Enough speakers to rattle the trunk lid of any church. |
FaceTube was not forthcoming with likely samples of how this thing sounded. All the 1931-ish organs I found seemed to be of the vacuum-tube valve type of thing. Ah well.
But look what the P.A.G. Research and Googling team DID find! An eleven-year-old girl playing Rush's YYZ at her keyboard recital! She's Asian, of course, because all children with superpowers are Asian. This fulfills your daily requirement of vitamin cool.
Bonus points to anybody who got the references in the title of today's post. For those who didn't, here's two things:
A) Sleepers Awake, a pretty popular organ piece by Bach. For those who think that pipe organs are all obnoxious honking and squeaking, please enjoy Sleepers Awake.

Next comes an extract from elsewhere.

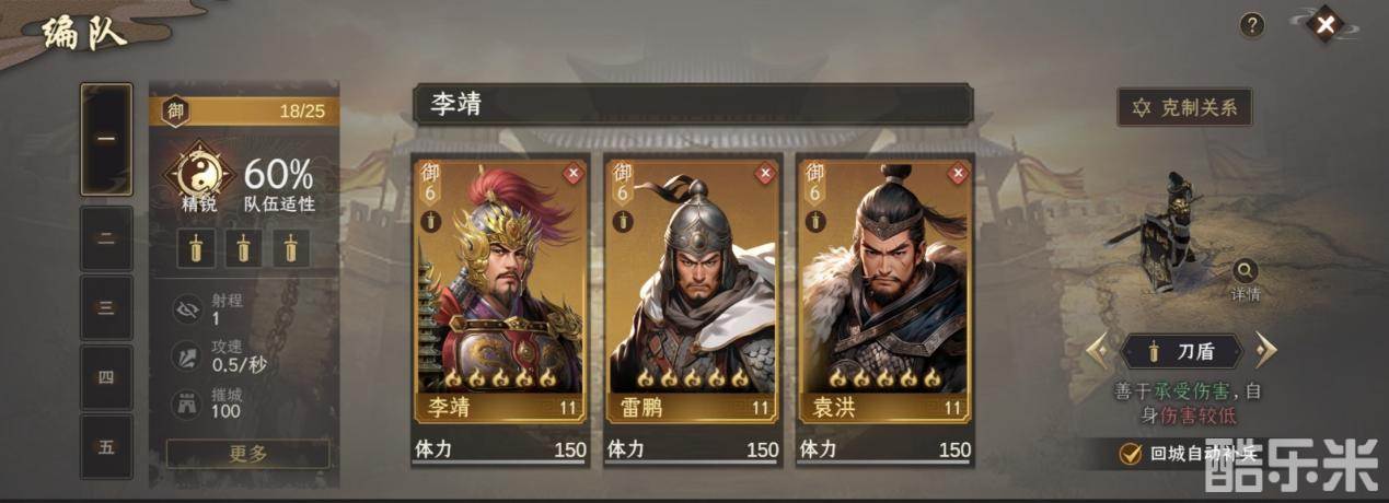 李靖的术法“玲珑护体”可以为队伍提供较为高额的减伤效果,搭配刀盾兵种自身的减伤特性在面对敌方弓兵群体时可以较好的发挥自身续航优势来抵近敌方弓兵。

B) Rick Wakeman, keyboardist for Yes, playing Journey to the Center of the Earth, some kind of weird side project of his. Any time you saw him, he was likely as not to be wearing a sparkly sequin cape. It was more of a Merlin thing than a Liberace thing.

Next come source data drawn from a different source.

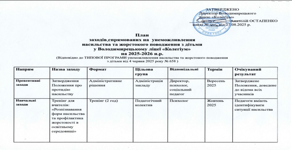План заходів, спрямованих на запобігання та протидію булінгу (цькуванню) в закладі освіти
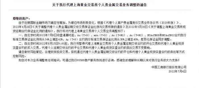 7月4日,工商銀行稱,將對(duì)代理上海黃金交易所個(gè)人交易業(yè)務(wù)進(jìn)行調(diào)整。
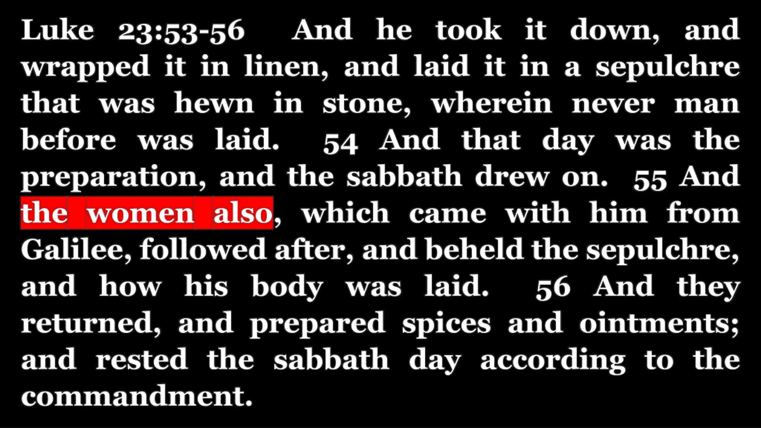 Luke 23:53-56 And he took it down, and wrapped it in linen, and laid it in a sepulchre that was hewn in stone, wherein never man before was laid. 54 And that day was the preparation, and the sabbath drew on. 55 And the women also, which came with him from Galilee, followed after, and beheld the sepulchre, and how his body was laid. 56 And they returned, and prepared spices and ointments; and rested the sabbath day according to the commandment.

Link to the Wakeman video. Sorry, but if I embedded it, you'd have to watch it from the start (Do not do that.). As a link, I can make it start at the right place.
And just to be completely "meta", here is Wakeman in 1977, in the studio sessions for the album Going for the One, recording some overdubs for the last couple of minutes Awaken, which is a ten-minute-plus-long guilty pleasure of mine filled with impenetrable lyrics and space cathedral imagery. So, there's your "Awakeman", from the title of today's post. How's THAT for bringing it all home?
AAaaannnd, here's what the whole song sounds like. Live in 2013. Note that guitarist Steve Howe has turned into the Crypt Keeper in the last few decades. Good shot of Tony/Crypt Keeper at 2:30.
I've always enjoyed his Toccata and Fugue in D Minor (http://youtu.be/ho9rZjlsyYY), the ol' classic Phantom of the Opera piece. The technical skill needed for this piece blows me away.
ReplyDeleteI have a friend who's father died and I was asked by his daughter to look at some electronic musical equipment he left behind to see if it was salable. Turned out it was a home organ similar to the one described in the article that the father had built himself of years, in the early 1950s. Speakers and tube amps mounted in the walls, and even a large plate reverb device he built himself. Sadly, none of it could be removed and still be in any salable condition. (The plate reverb might have been worth salvaging, but it was anchored to a concrete floor and weighed hundreds of pounds.)